Снимаю ботинки, куртку и заглядываю на кухню. Тетя Нина сидит на табурете, голова – на столе. Спит. Я трогаю ее за плечо, спрашиваю:
– Вам что, плохо? Вы заболели?
Она открывает глаза, тупо смотрит на меня.
– А… Вовачка. Квартирантик ты мой залатой…
От нее воняет самогоном. Внизу, около плиты – пустая бутылка.
– Я это самое… Ну, напилась, короче. Ай, пашло оно усё на хер…Да?
– Точно. Самое лучшее средство – набухаться, и все будет классно, просто супер.
– Правильна гаварыш, Вовачка. Супер-пупер. – Она дебильно улыбается.
– Ну и чего вы напились? Что случилось?
– Ай… На хер…
– Ну, как хотите.
Я выхожу из кухни. Дверь в ее комнату открыта. На диване, посреди смятой простыни – большое мокрое пятно. Я захожу в свою комнату, захлопываю дверь. Вытаскиваю из стопки книг внеклассное чтение по английскому – «Daddy Long Leg». Сажусь за стол, читаю вслух отрывок на завтра.
На кухне тетя Нина фальшиво поет:
Я резко отодвигаю стул, встаю, подхожу к двери, приоткрываю.
– Тетя Нина, можно потише? Я все-таки учусь.
– Да, да, Вовачка, ты мяне прости. Я ж тябе, пачти што, люблю – ты у меня жывёш… Ты мне верыш?
– Верю.
– Веру, веру, усякаму зверу, и ежу-капыжу…
Я возвращаюсь к столу.
Тетя Нина разговаривает сама с собой.
– Аднажды у студёную зимнюю пору… Ну, напилась я, напилась… А хули… Аднажды у студёную зимнюю пору я из лесу вышел… Сталина, блядь, сюда надо… И Ленина… А жыдоу – пастралять усих. А то развели нешта такое – хуй прасцыш. Аднажды у студёную…

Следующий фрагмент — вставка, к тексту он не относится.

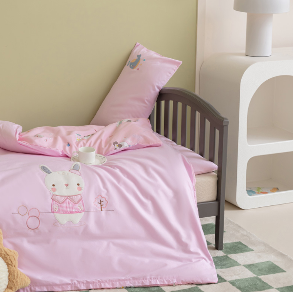 熱推純棉兒童被套+墊套+枕套(粉色胖胖兔【B類/抗菌/防蟎/0甲醛】)(三件套不含芯)

Я вскакиваю, открываю дверь. Тетя Нина стоит перед дверью.
– Можно потише?
– Можна, можна. Слушай, ты меня уже заябау. Я тебя убъю. Поняу?
– Как ты меня убьешь?
– Абыкнавенна. Нажом. Ноччу, кагда ты спать будеш.
Она надувает губы и кивает головой.
Двенадцать ночи. На кухне радио играет белорусский гимн: тот, что был при «совке», только без слов. В хозяйкиной комнате – тихо.
Я ворочаюсь на кровати, не могу уснуть. Сердце стучит, в животе ноет, хочется срать. Подушка – твердая, как камень. Я мну ее руками, поворачиваюсь к стене, натягиваю одеяло.
Просыпаюсь, смотрю на часы. Полдевятого. Я не слышал будильника и не помню, когда уснул.
Вскакиваю, надеваю штаны, бегу на кухню. Зажигаю плиту, ставлю чайник.
Тетя Нина выходит из комнаты.
– Вова, ты прасти меня, если што. Я учера, ну это… Я абы-што гаварыла?
– Да. А вы что, не помните.
Она качает головой.
– Не-а, ничога не помню. Ладна, ну ты меня прасти, а? Дурная баба напилась… Прастишь?
Звоню в квартиру Ивана Петровича. Открывает он сам – в халате и шлепанцах, с недовольным лицом.
– Здравствуйте.
– Здравствуй, заходи.
Я переступаю порог, достаю из рюкзака второй том Короткевича – брал летом почитать.
– Вот, я у вас брал…
Иван Петрович забирает книгу, кладет на телефонный столик. Я поворачиваюсь уходить.
– Куда? Останься, хоть чаю попей. Вера, Володя пришел!
Вера Сергеевна выглядывает из кухни, улыбается накрашенными губами.
– Здравствуй, Володя, заходи, всегда рады тебя видеть.
Я иду в кухню, сажусь на табурет, Иван Петрович – в кресло в углу. Он берет со стола «Аргументы и факты».
Вера Сергеевна ставит чайник, включает плиту, поворачивается ко мне.
– Ну, рассказывай, как дела, студент.
– Так, нормально. Учусь…
– Да, понимаю, сложно еще что-то сказать – только начало первого курса. А вообще, учиться нравится?
– Более-менее.
– Это хорошо, очень хорошо. Только вот время такое… Что творится – просто жуть. Народ беднеет, цены растут каждый день. Стипендии вам сколько платят?
– Тысячу.
– Ну, знаешь, это еще ничего. У нас вот с Ваней пенсия всего по две тысячи. Представляешь, какая несправедливость? – Я киваю. – Всю жизнь отработали на государство, двигали науку вперед – и такой результат. Ну разве не обидно, а?